--- What to produce ---
Reproduce word for word every line from the one containing "P3EGは、データ損失に対し" to the final line of the data below; omit the pictures.

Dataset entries
BEGIN
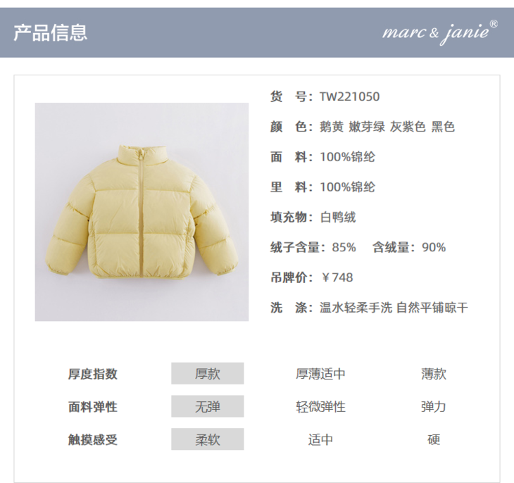 【三防】马克珍妮冬装新款 女童超轻保暖羽绒服面包服221050
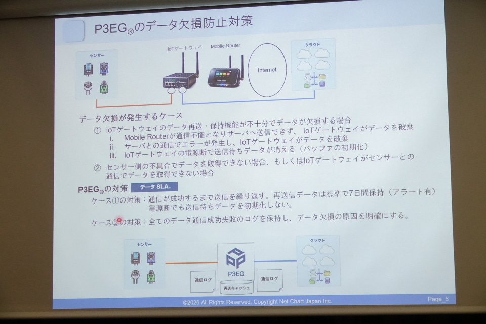 P3EGは、データ損失に対しての対策を前面に打ち出している。通信障害や通信エラーでデータをサーバーに送信できない場合やIoTゲートウェイの電源断で送信待ちデータが消失するといったケースでも、成功するまで送信を繰り返す。再送信データは標準で7日間保持するほか、電源が断たれてもデータは初期化されない。
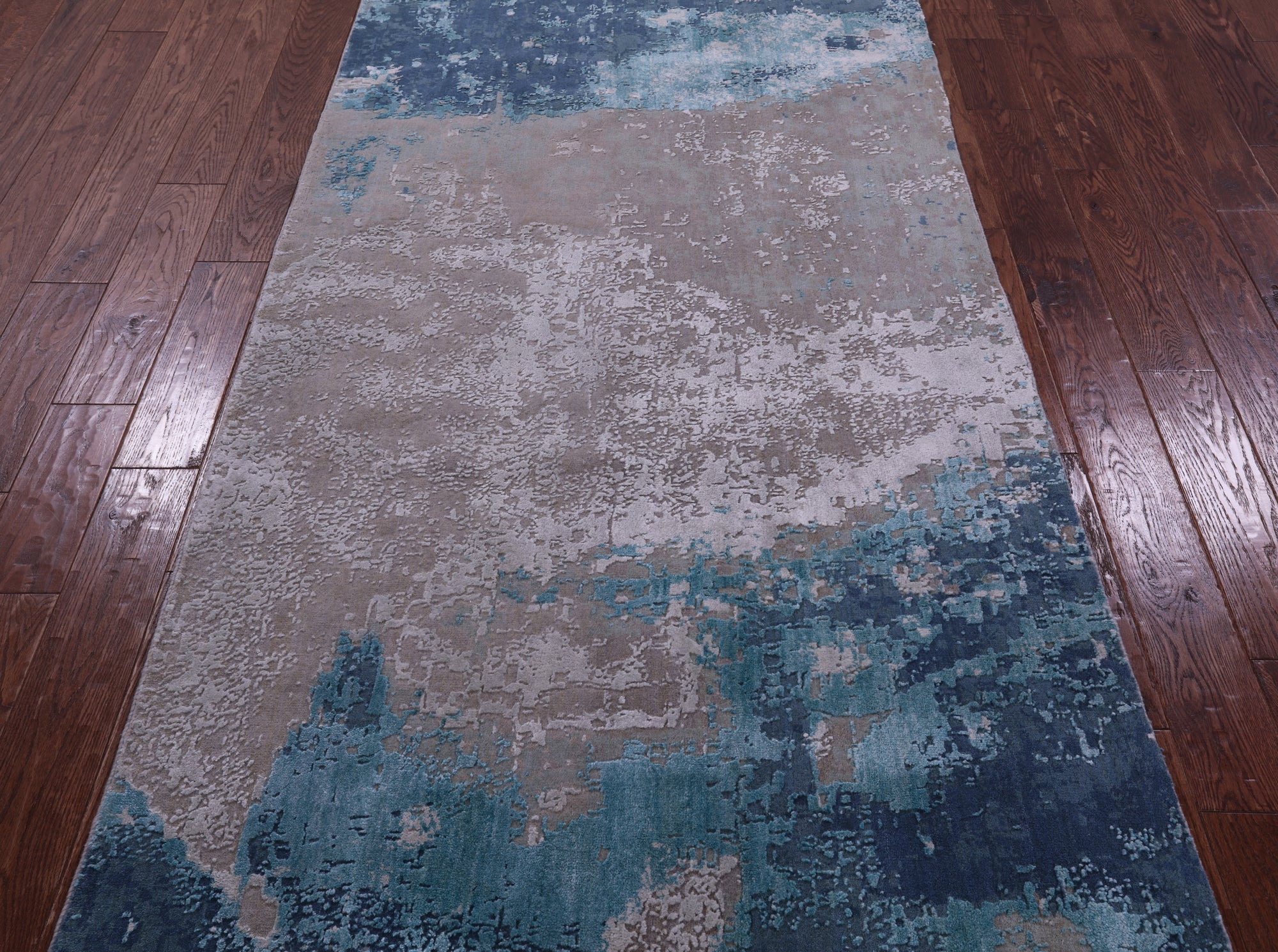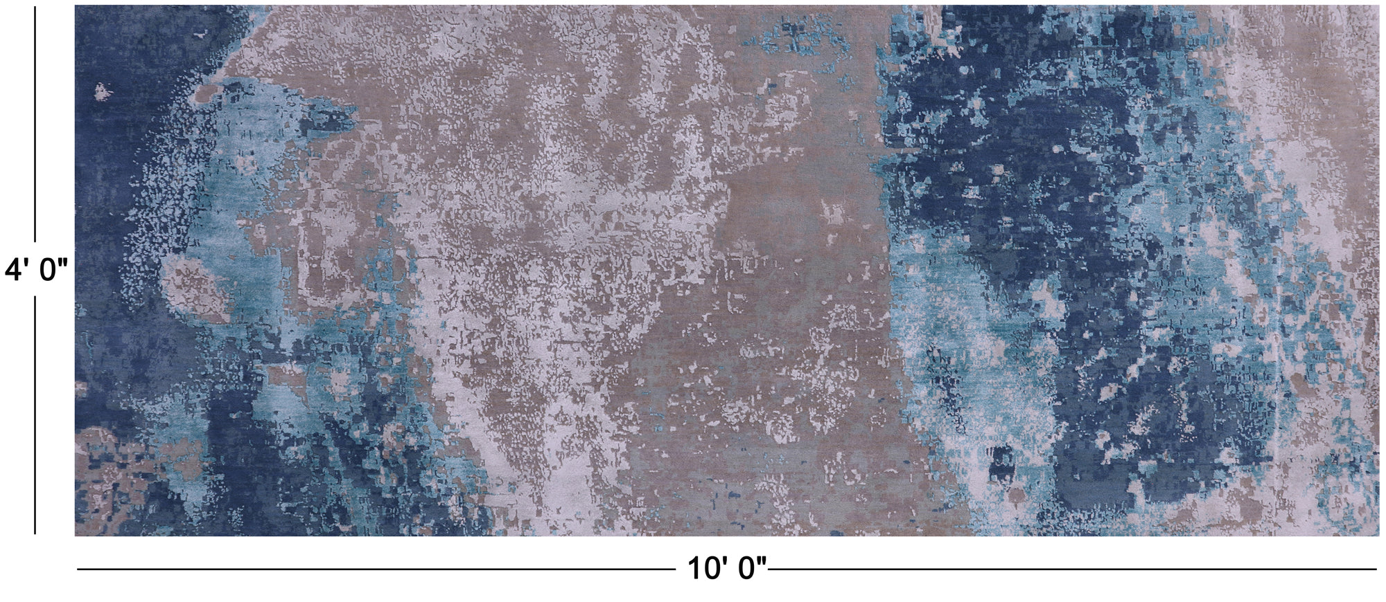 4' 0" X 10' 0" Runner Modern Abstract Handmade Wool & Silk Rug - Q23503
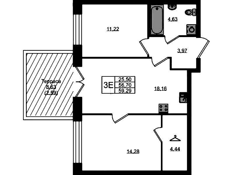• Площадь59,29 м2
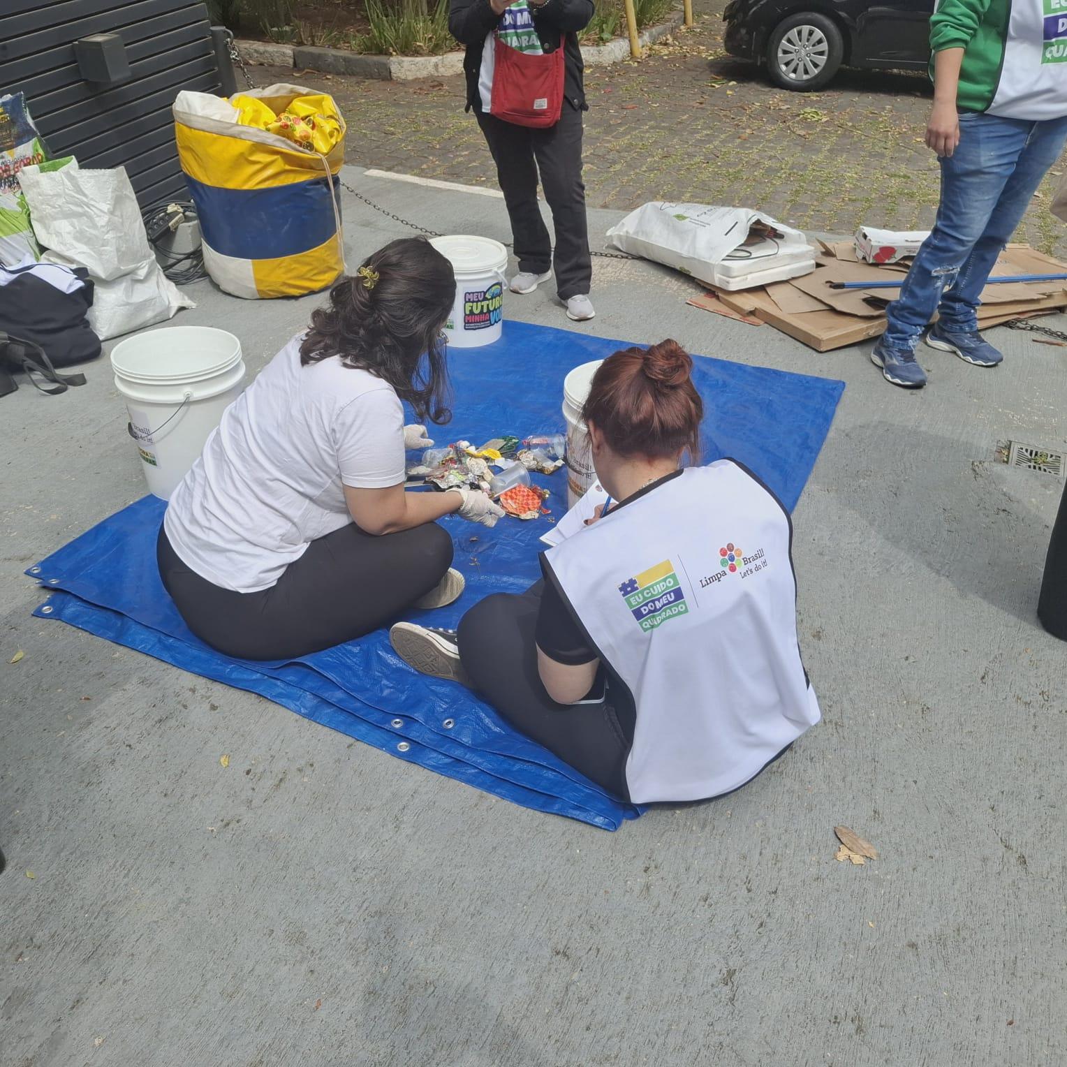 Triagem e pesagem do material coletado, com registro das principais categorias de resíduos
END
--- Solution to this exercise ---
 P3EGは、データ損失に対しての対策を前面に打ち出している。通信障害や通信エラーでデータをサーバーに送信できない場合やIoTゲートウェイの電源断で送信待ちデータが消失するといったケースでも、成功するまで送信を繰り返す。再送信データは標準で7日間保持するほか、電源が断たれてもデータは初期化されない。
 4' 0" X 10' 0" Runner Modern Abstract Handmade Wool & Silk Rug - Q23503
• Площадь59,29 м2
 Triagem e pesagem do material coletado, com registro das principais categorias de resíduos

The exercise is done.